Looks great! Glad you found a good use for the burl! That burl has been waiting for someone to use it for 20 years.
Ooooh lovely. I particularly like what you’ve done with the lid and the finial. They complement the burl beautifully!
Great Job! Looks good!
The electronics committee was talking about creating ‘kits’ for Arduino classes. To package the Arduino boards and breadboards, so that they were less likely to walk off, I modified my design to include the logo and property of DMS Electronis, then printed ten of them.
Making soap and soap making - results from the first class. Soap is not blurry, my photography is. On left are jasmine essence and on right are a mixed pink grapefruit and rosemary essence. Thanks Joshua for a fun class
Some “makes” are in the realm of the Virtual …
I took the LT Spice circuit class today and everyone did some simulations … here’s one of mine on my Macbook Pro … I’m looking forward to building it in the Real and comparing … (in the Real this blinks two LED’s)
Teapot and Raku Bowl each took 2nd
Brown bowl took 1st in Wheel Thrown
I think the Teapot should have been in a different category? but, it was a last day to enter, and get my stuff up there thing.
So last year this time, I taught a couple of classes on how to make a morse code radio transmitter. I am bring this class back, and plan to teach it about once per month.
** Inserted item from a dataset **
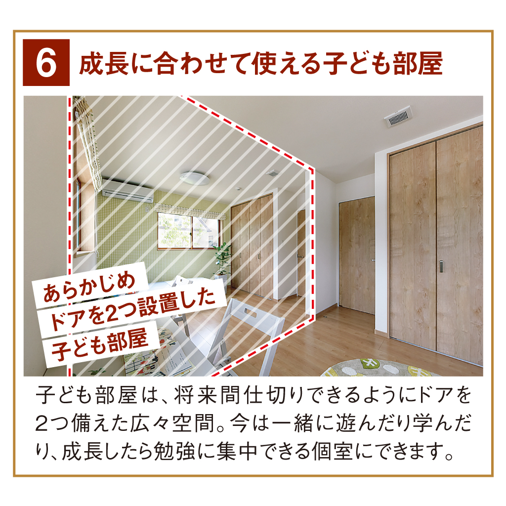 子ども部屋は将来間仕切れるようドアを2つ設置した広々空間。今は一緒に遊んだり学んだり、成長したら勉強に集中できる個室にできます。

There are still four seats available for the September class
https://calendar.dallasmakerspace.org/events/view/3488
At that time, I also started working on a design for a matching receiver, but ended up abandoning it because I thought it would be too much to get built in a single class.
Well a year of contemplation later, and a bit of nudging from @zmetzing and I have a new approach. The idea is to break the receiver into individual modules, and take each module as a single class. I believe this will be a more manageable approach. If each module class is offered regularly, then people can come to the classes they can and build their radio as they can.
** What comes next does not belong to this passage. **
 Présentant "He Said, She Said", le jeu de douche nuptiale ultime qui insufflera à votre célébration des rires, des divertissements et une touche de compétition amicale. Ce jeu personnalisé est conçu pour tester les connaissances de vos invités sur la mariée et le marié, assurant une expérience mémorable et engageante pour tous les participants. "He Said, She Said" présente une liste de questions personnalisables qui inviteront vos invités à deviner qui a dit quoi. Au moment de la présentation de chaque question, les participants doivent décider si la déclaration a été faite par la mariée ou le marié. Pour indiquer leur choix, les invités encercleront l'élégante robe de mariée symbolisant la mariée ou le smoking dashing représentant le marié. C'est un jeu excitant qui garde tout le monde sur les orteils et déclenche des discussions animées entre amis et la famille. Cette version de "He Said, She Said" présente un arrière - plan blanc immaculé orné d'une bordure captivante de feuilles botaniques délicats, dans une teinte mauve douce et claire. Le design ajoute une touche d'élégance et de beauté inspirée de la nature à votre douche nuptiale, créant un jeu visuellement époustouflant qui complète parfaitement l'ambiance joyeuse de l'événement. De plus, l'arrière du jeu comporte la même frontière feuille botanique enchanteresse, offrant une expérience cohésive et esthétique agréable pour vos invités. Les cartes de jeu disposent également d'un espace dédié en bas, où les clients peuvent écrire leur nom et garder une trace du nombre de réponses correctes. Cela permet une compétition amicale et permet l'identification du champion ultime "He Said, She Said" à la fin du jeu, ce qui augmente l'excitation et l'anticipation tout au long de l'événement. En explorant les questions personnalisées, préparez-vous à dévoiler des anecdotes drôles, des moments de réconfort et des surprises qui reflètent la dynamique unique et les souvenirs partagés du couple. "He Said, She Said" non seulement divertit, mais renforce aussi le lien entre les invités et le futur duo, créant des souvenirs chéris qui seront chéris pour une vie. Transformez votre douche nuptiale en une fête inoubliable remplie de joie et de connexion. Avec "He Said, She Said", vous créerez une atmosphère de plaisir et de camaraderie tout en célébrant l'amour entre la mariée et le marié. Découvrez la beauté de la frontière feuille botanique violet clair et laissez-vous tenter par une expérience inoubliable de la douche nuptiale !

A direct conversion receiver only has a few needed modules. Basically four (the RF Preamplifier is optional).
So yesterday, I started at the right side of the block diagram (that way you can use what you have built to test the new module) and created an audio amplifier module. Basically a NPN preamplifer and an LM386 amplifier. I am packaging these modules in custom 3D printer holders to allow for swapping them into and out of various radio designs.
Today, I finished building and testing the second module; a product detector built with a dual gate mosfet arrangment of two J310 JFETs. I am using a signal generator to simulate both the RF input and the Local Oscillator. The product detector takes two signal frequencies as input and produces the sum of those frequencies and the difference of those frequencies at the output. The local oscillator is tuned to be within a kilohertz or so of the RF frequency and the difference is in the audio range (that kilohertz or so), which is then presented to the audio amplifier (along with the sum which is too high a frequency for you to hear). Tomorrow I plan to create the band pass filter for the 80M band to match the receiver with the Mighty Mite transmitter.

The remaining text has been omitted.